From Coders to Critics: Empowering Students through Peer Assessment in the Age of AI Copilots
Santiago Berrezueta-Guzman, Stephan Krusche, Stefan Wagner
TL;DR
The paper investigates how rubric-based, anonymized peer assessment can approximate instructor grading in a large introductory programming course amidst AI copilots. Using 47 teams, it combines rubric-guided peer reviews with instructor scores and reflexive surveys, reporting moderate alignment (peer–instructor correlation around $r \approx 0.5$–$0.55$; $MAE$ ~ $9.18$–$10.68$; $RMSE$ ~ $14.87$–$16.37$) and high student engagement. The findings suggest that structured peer assessment can be a scalable, trustworthy complement to instructor feedback, promoting evaluative thinking and fairness perceptions in an era of AI-assisted coding. The study offers design implications for peer evaluation systems and outlines directions for training, calibration, and broader deployment across software engineering education in AI-augmented environments.
Abstract
The rapid adoption of AI powered coding assistants like ChatGPT and other coding copilots is transforming programming education, raising questions about assessment practices, academic integrity, and skill development. As educators seek alternatives to traditional grading methods susceptible to AI enabled plagiarism, structured peer assessment could be a promising strategy.
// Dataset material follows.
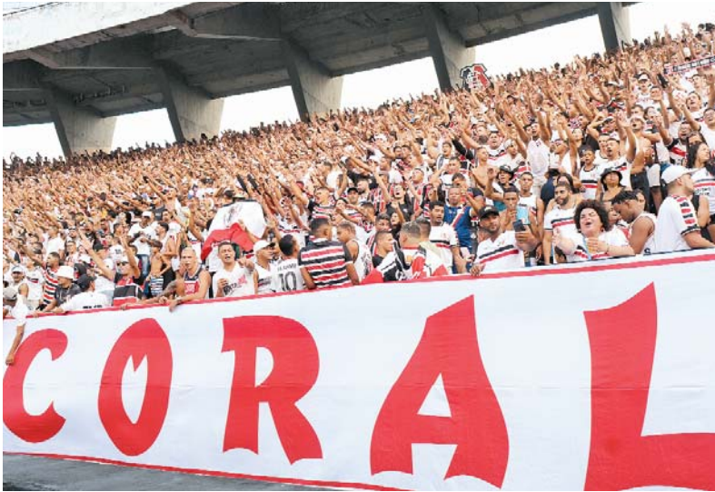
Santa levou 147.831 torcedores para Arruda ao longo do Estadual

Santa Cruz termina Campeonato Pernambucano com melhor média de público. Foram mais de 21 mil torcedores por jogo no Arruda, segundo FPF

This paper presents an empirical study of a rubric based, anonymized peer review process implemented in a large introductory programming course. Students evaluated each other's final projects (2D game), and their assessments were compared to instructor grades using correlation, mean absolute error, and root mean square error (RMSE). Additionally, reflective surveys from 47 teams captured student perceptions of fairness, grading behavior, and preferences regarding grade aggregation. Results show that peer review can approximate instructor evaluation with moderate accuracy and foster student engagement, evaluative thinking, and interest in providing good feedback to their peers. We discuss these findings for designing scalable, trustworthy peer assessment systems to face the age of AI assisted coding.